**Exercise goal**.
An exact copy of the listing below is the answer, with the pictures removed.

**Recorded information**.
○ ○ ○ ○

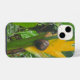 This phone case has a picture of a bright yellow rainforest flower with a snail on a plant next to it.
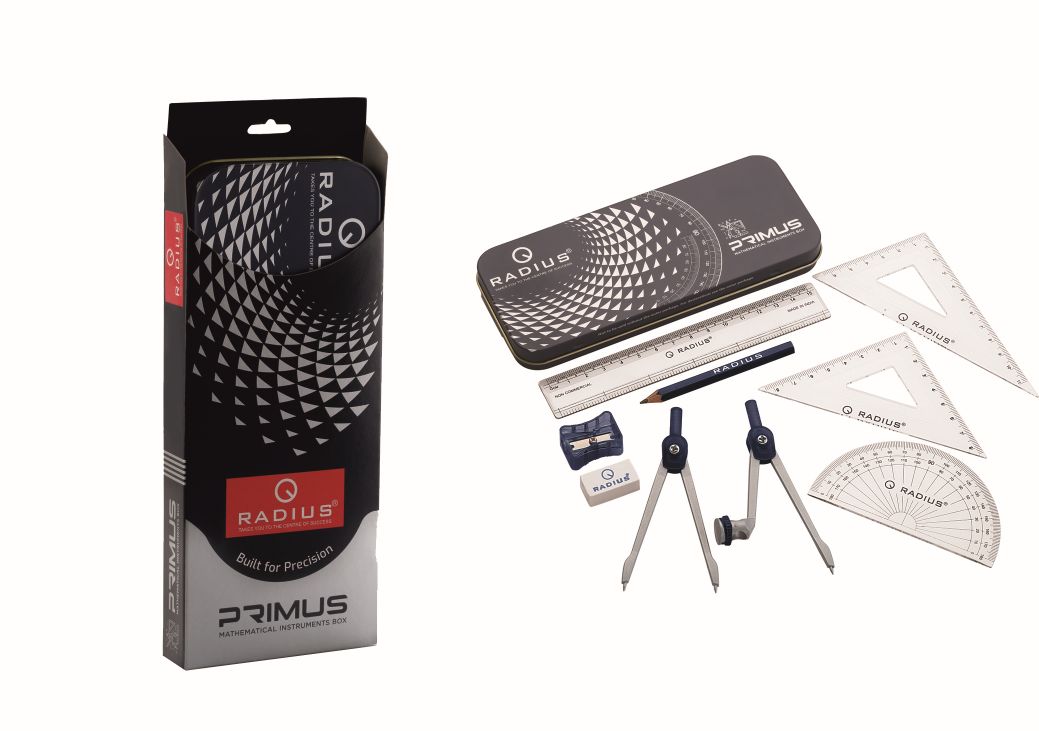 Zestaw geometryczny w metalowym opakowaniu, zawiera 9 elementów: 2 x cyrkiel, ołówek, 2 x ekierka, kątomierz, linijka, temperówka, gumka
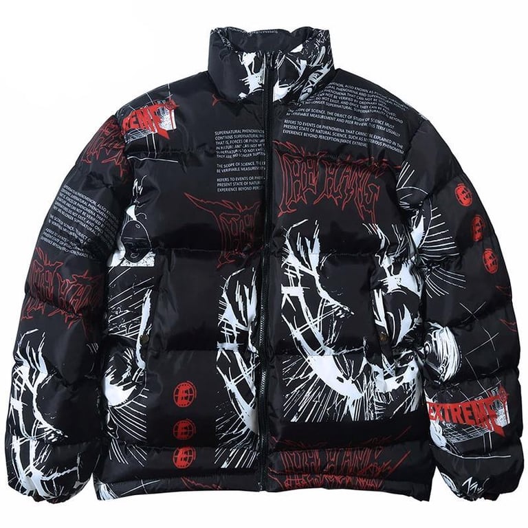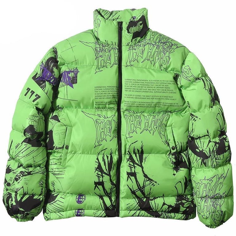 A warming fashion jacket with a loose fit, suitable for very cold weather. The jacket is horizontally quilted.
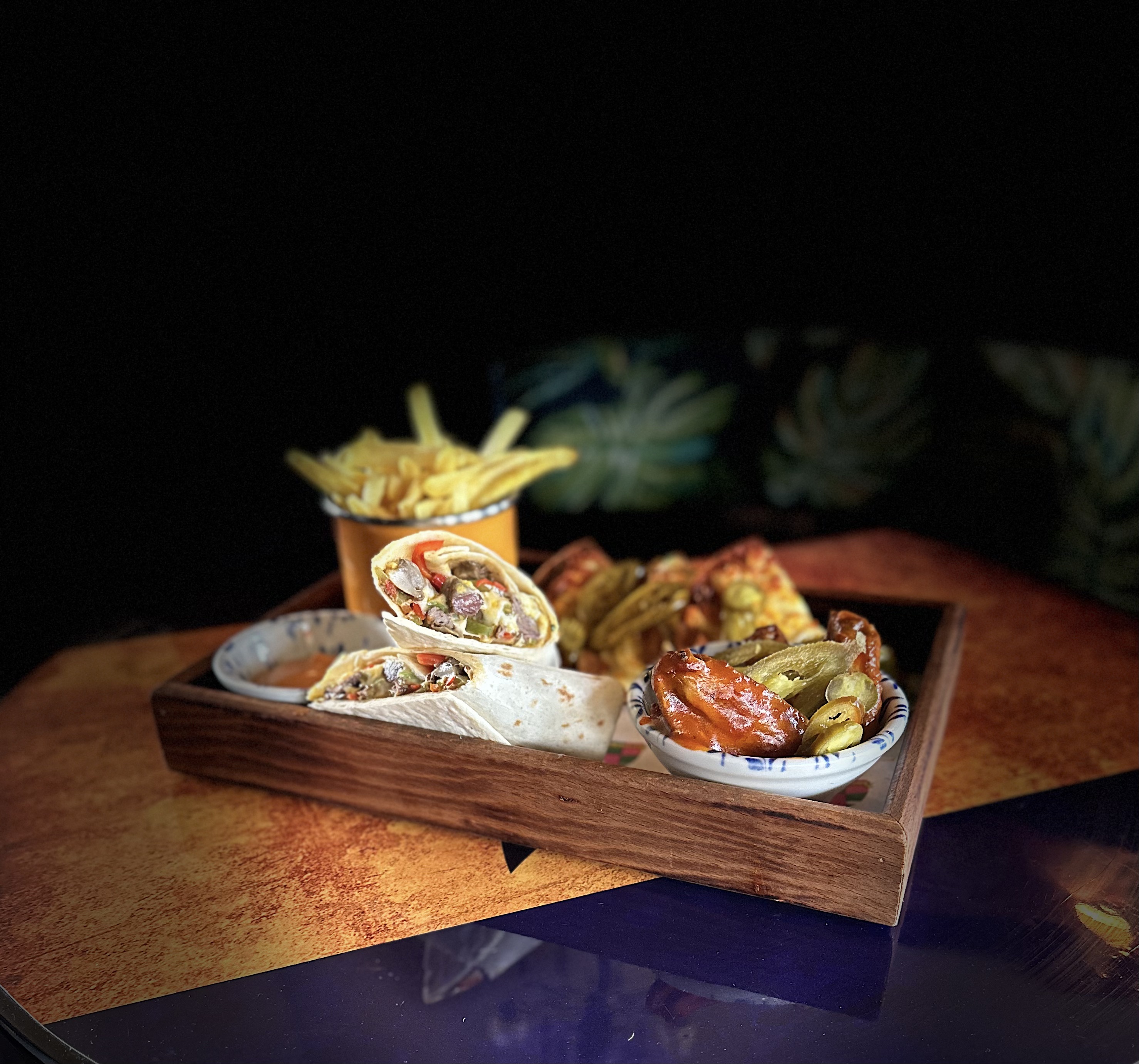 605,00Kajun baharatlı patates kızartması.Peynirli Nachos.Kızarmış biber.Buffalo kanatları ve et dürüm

○ ○ ○ ○

**Solved problem**.
 This phone case has a picture of a bright yellow rainforest flower with a snail on a plant next to it.
 Zestaw geometryczny w metalowym opakowaniu, zawiera 9 elementów: 2 x cyrkiel, ołówek, 2 x ekierka, kątomierz, linijka, temperówka, gumka
 A warming fashion jacket with a loose fit, suitable for very cold weather. The jacket is horizontally quilted.
 605,00Kajun baharatlı patates kızartması.Peynirli Nachos.Kızarmış biber.Buffalo kanatları ve et dürüm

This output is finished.